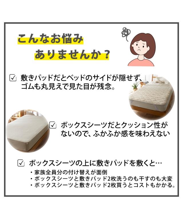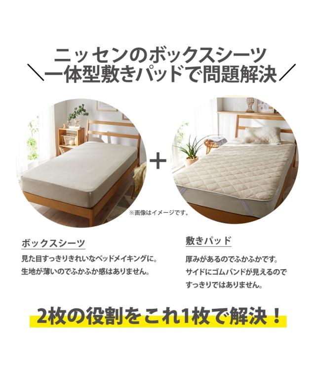 季節に関係なく人は寝ている間、一晩にコップ1杯の汗をかくといわれている中、寝ている間の汗を吸収し素早く放出することでムレにくくしてくれるドライニット。敷パッドとボックスシーツが一緒になったボックスシーツ型敷パッドはマットレス・敷布団両方に装着できます。マットレス・敷布団をすっぽり覆うので、寝相が悪くてもズレにくく見た目もすっきり。
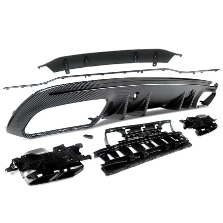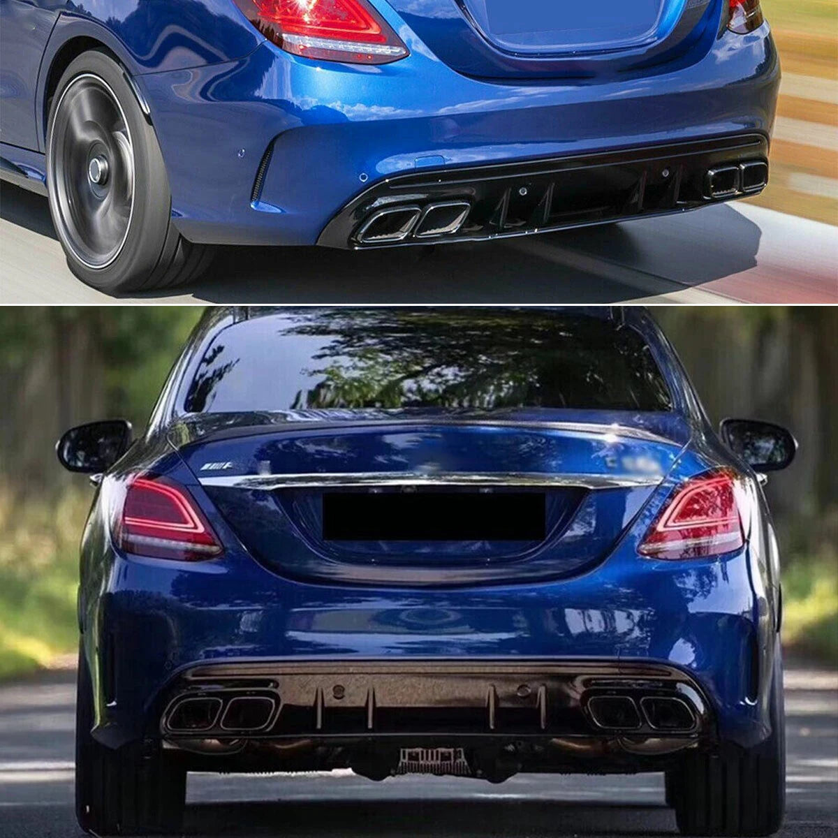 Mercedes W205 Stražnji Difuzor s Ispravcima Ispuha, AMG Stil Izgled Karbon Fibera
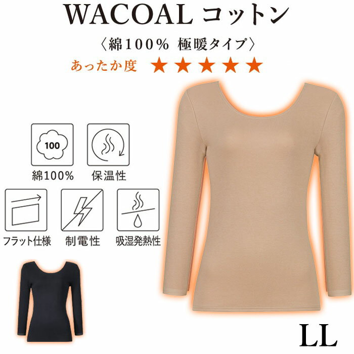 極暖 裏起毛ワコール Wacoal スゴ衣 綿100極暖 LLサイズ レディース 8分袖 ニット あ・・・
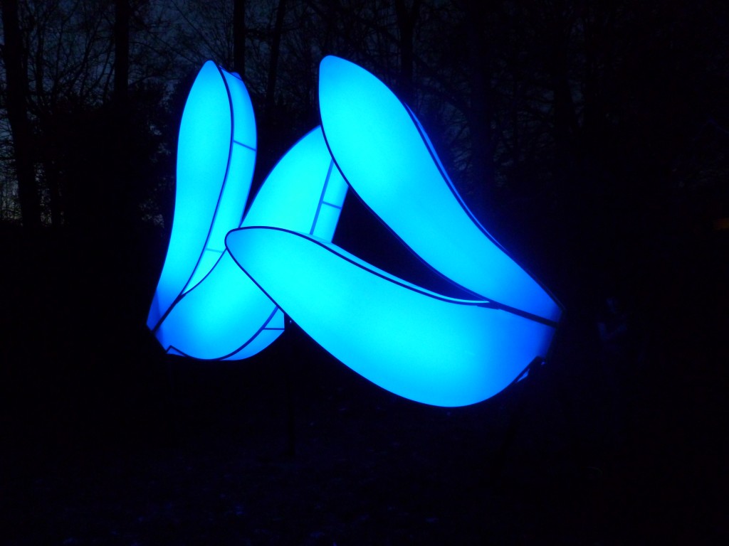 The dragonfly-wing sculpture seen here, which was on display at the Smithsonian’s National Zoo in Washington DC from March 24- June 10, 2012, is one of many such “love motels” that Ballengée has built. According to the artist, ” Love Motel for Insects is an ongoing series of outdoor installations intended to construct situations between humans and arthropods. The works use ultra-violet lights on enormous blank canvases to attract insects and create an opportunity for public interactions with rarely seen nocturnal arthropods. At each location, the Love Motels for Insects become the backdrop for community events such as picnics, biodiversity festivals, graffiti jams, scientific investigations, musical events and even local film screenings relating to local insect species.”
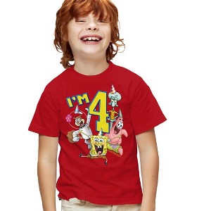 Boys' Spongebob Squarepants Today I'M 4 Sandy Patrick Squidward T Shirt Red
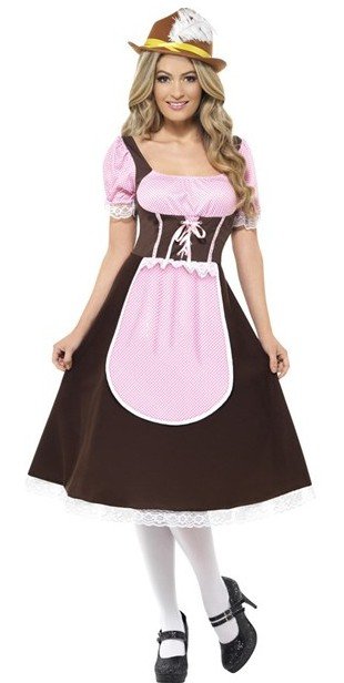 - Bestaande uit: de donker bruine met roze jurk en daaraan vast het roze schort.
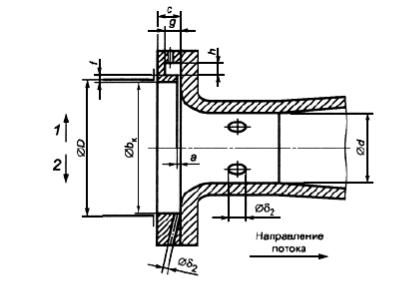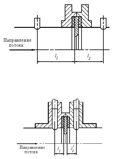 Для диафрагм с фланцевым способом отбора давления расположение отверстий приведено на рисунке 6.39. Расстояние l1 измеряют
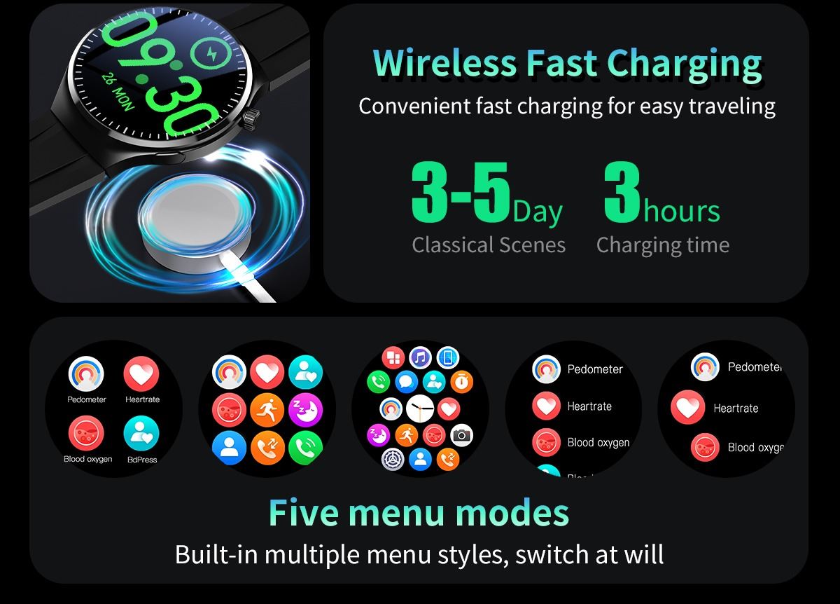 SLEEP TRACKING, BLUETOOTH CALLING, SPORTS MODELS, 1.5" SCREEN,STAY CONNECTED: RECEIVE CALLS, TEXTS AND NOTIFICATIONS, HEALTH AND FITNESS: TRACK YOUR PROGRESS WITH MULTI-SPORT MODES, HEART RATE MONITORING, BLOOD PRESSURE MONITORING, SLEEP ANALYSIS AND MORE,CHOOSE FROM A WIDE VARIETY OF WATCH FACES AND CUSTOMIZE THE MENU STYLE TO MATCH YOUR UNIQUE TASTE,CONTROL MUSIC PLAYBACK, TAKE PHOTOS REMOTELY, SET REMINDERS AND ACCESS WEATHER UPDATES
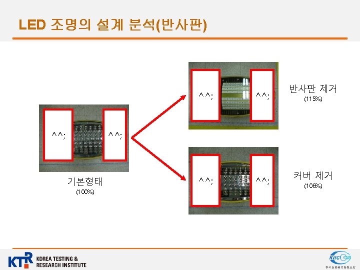 형광등 vs LED램프 형광등기구 (FLR 32 W X 8등용) LED등기구 (LED 22 W X 8등용) Uniformity(g 1) : 0. 58 Uniformity(g 1) : 0. 57 Uniformity(g 2) : 0. 42 Uniformity(g 2) : 0. 37
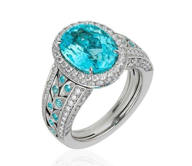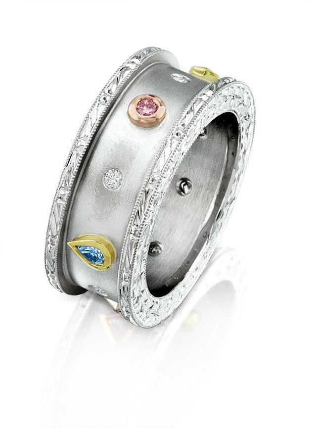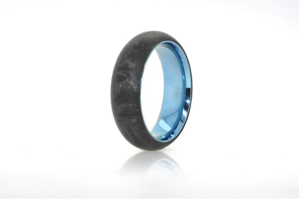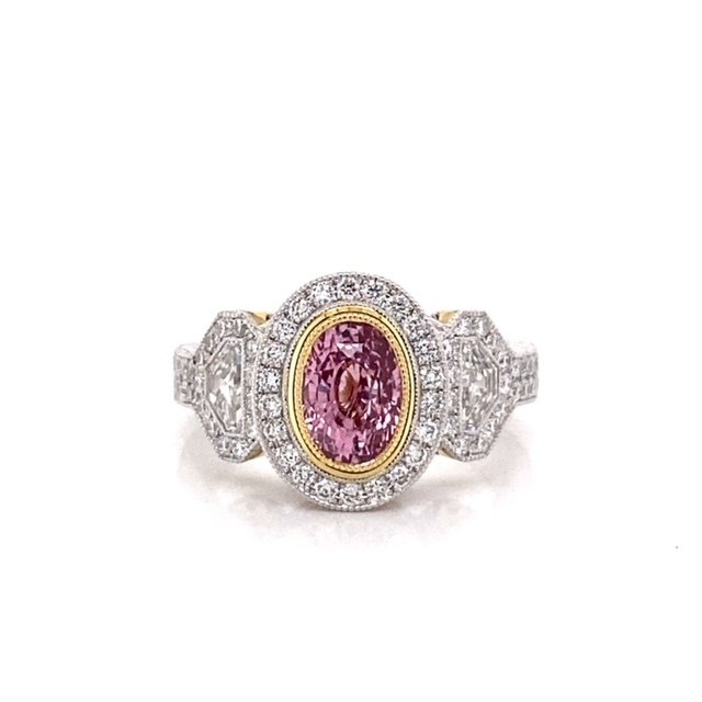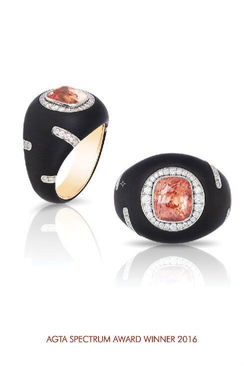 Padparadscha AGTA Spectrum award winning ring with carbon fiber body.

_Problem statement_
Please repeat the lines above from the line containing "SLEEP TRACKING, BLUETOOTH" through the final line, both included, exactly as they stand and without pictures.

_Result for this task_
 SLEEP TRACKING, BLUETOOTH CALLING, SPORTS MODELS, 1.5" SCREEN,STAY CONNECTED: RECEIVE CALLS, TEXTS AND NOTIFICATIONS, HEALTH AND FITNESS: TRACK YOUR PROGRESS WITH MULTI-SPORT MODES, HEART RATE MONITORING, BLOOD PRESSURE MONITORING, SLEEP ANALYSIS AND MORE,CHOOSE FROM A WIDE VARIETY OF WATCH FACES AND CUSTOMIZE THE MENU STYLE TO MATCH YOUR UNIQUE TASTE,CONTROL MUSIC PLAYBACK, TAKE PHOTOS REMOTELY, SET REMINDERS AND ACCESS WEATHER UPDATES
 형광등 vs LED램프 형광등기구 (FLR 32 W X 8등용) LED등기구 (LED 22 W X 8등용) Uniformity(g 1) : 0. 58 Uniformity(g 1) : 0. 57 Uniformity(g 2) : 0. 42 Uniformity(g 2) : 0. 37
 Padparadscha AGTA Spectrum award winning ring with carbon fiber body.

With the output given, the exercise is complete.